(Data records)
━━━━━━━━
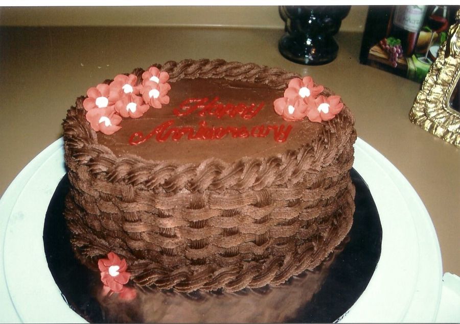 Chocolate buttercream basketweave cake with royal icing flowers.
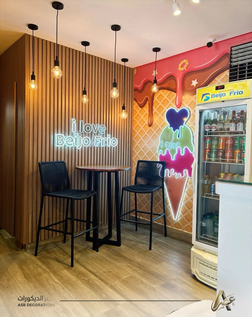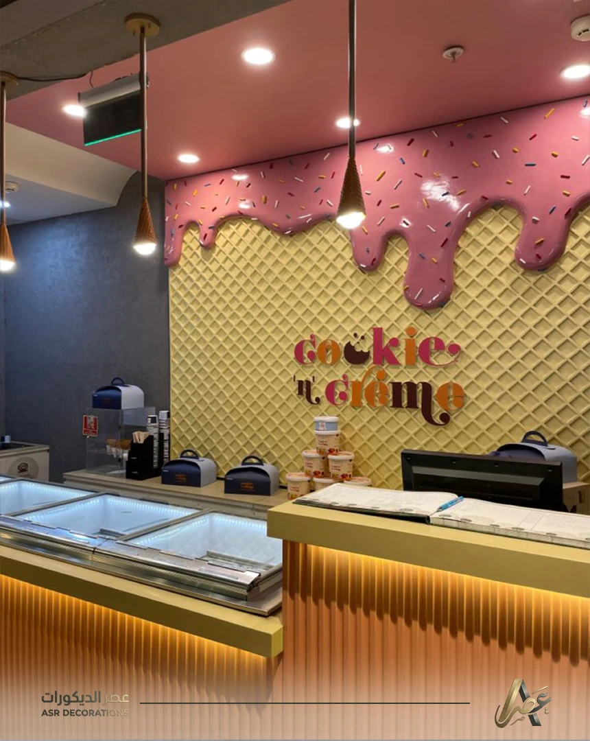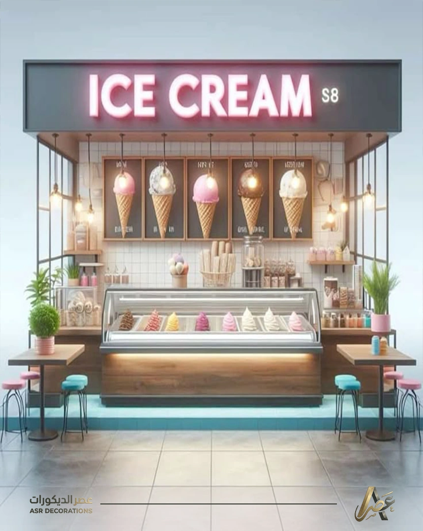 تجهيز محلات ايس كريم وعصائر من اهم الخدمات التي يقدمها معلم ديكورات الشرقية حيث أنه يقوم بذلك بشكل شامل ومتكامل ومن أشهر الأفكار التي يتم تنفيذها ما يأتي:
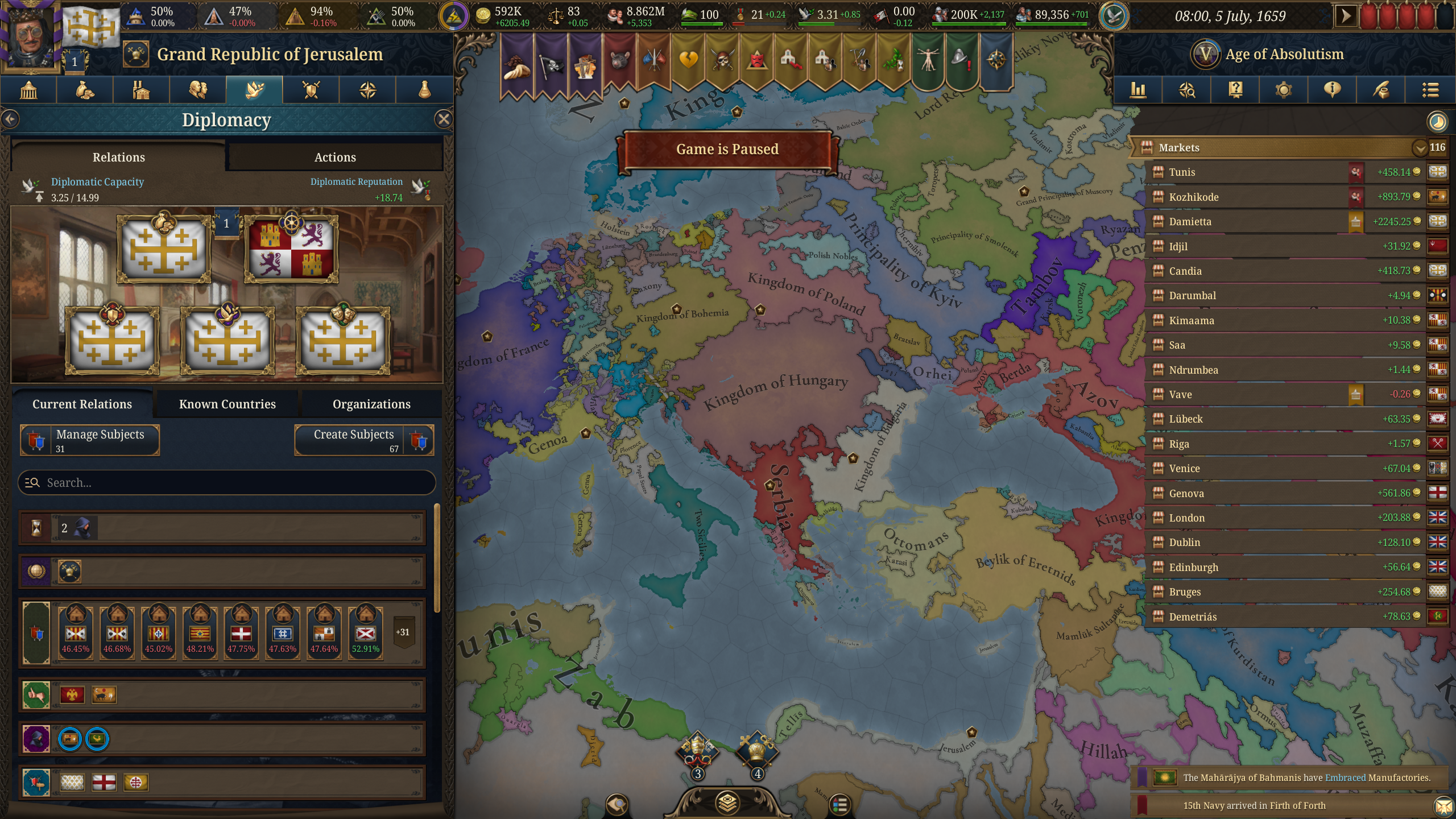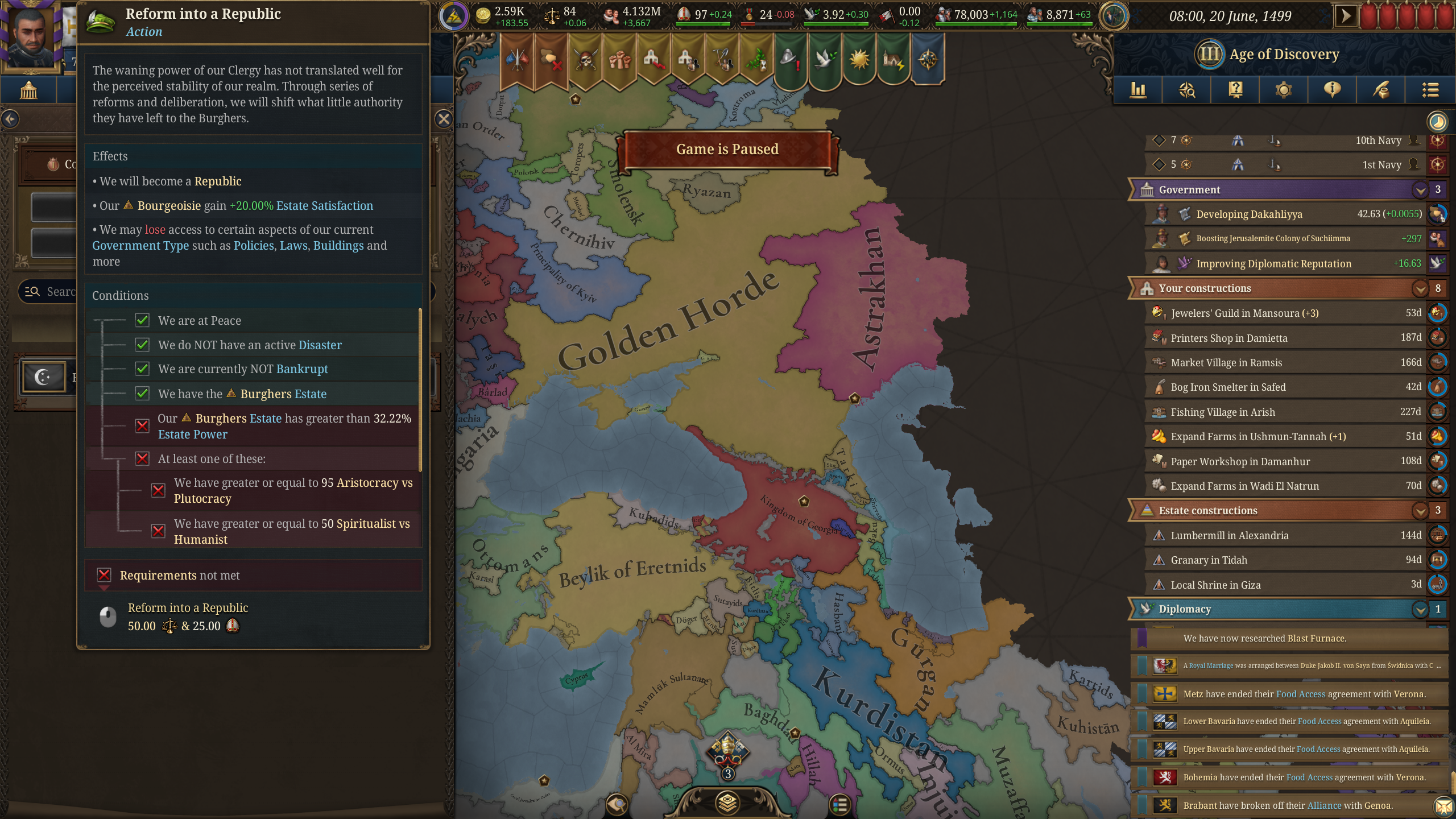 >>50512639 Орден слишком в верунство толкают, с ним нормальную страну не построишь. Ну и образования такого рода рано или поздно начинают скатываться в торгашество. Монетизируют, так сказать, религиозные преференции. Тем более в торговом-узле перевале между азией и европой. А игромеханически как, бюргеры сами силу набрали, а я терпел и гуманизм прожимал в каждом ивенте.
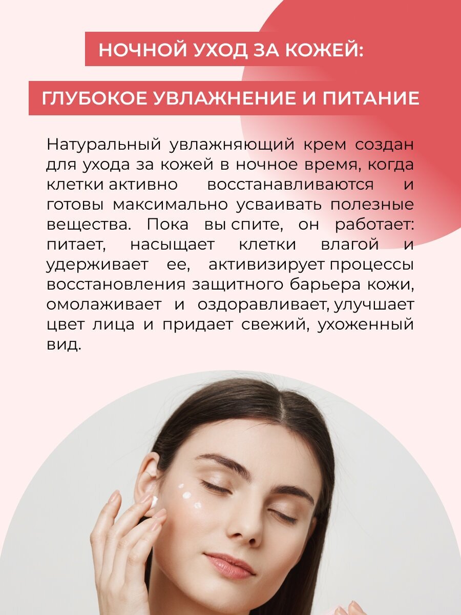 Натуральный ночной крем для лица активизирует процессы регенерации и восстановления защитного барьера кожи, удерживает влагу в клетках, поддерживая оптимальный уровень увлажнения.
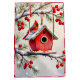 A beautiful Christmas gift bag with an illustration of a red cardinal on a birdhouse surrounded by pine tree branch with red berries and snow.
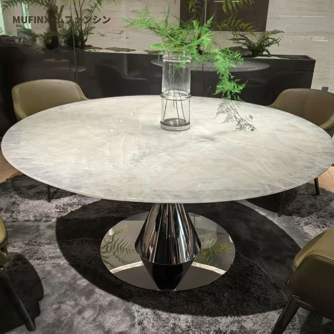 イタリアンミニマルデザイン大理石ダイニングテーブル2023新作!高級感溢れるラグジュアリーな円形テーブルで、広々とした邸宅にぴったり。スタイリッシュなインテリアを演出し、特別なひとときをお届けします。
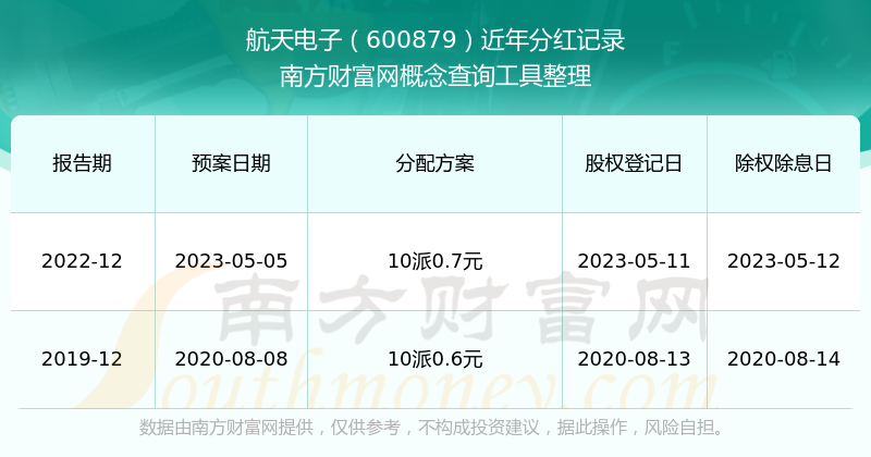 航天電子最新一次公布的分紅方案:10派0.7元。
━━━━━━━━
◆ Prompt ◆
Copy word for word only the lines above from the one with "в каждом ивенте." through the one with "Натуральный ночной крем". Leave pictures out.

◆ Exercise result ◆
 >>50512639 Орден слишком в верунство толкают, с ним нормальную страну не построишь. Ну и образования такого рода рано или поздно начинают скатываться в торгашество. Монетизируют, так сказать, религиозные преференции. Тем более в торговом-узле перевале между азией и европой. А игромеханически как, бюргеры сами силу набрали, а я терпел и гуманизм прожимал в каждом ивенте.
 Натуральный ночной крем для лица активизирует процессы регенерации и восстановления защитного барьера кожи, удерживает влагу в клетках, поддерживая оптимальный уровень увлажнения.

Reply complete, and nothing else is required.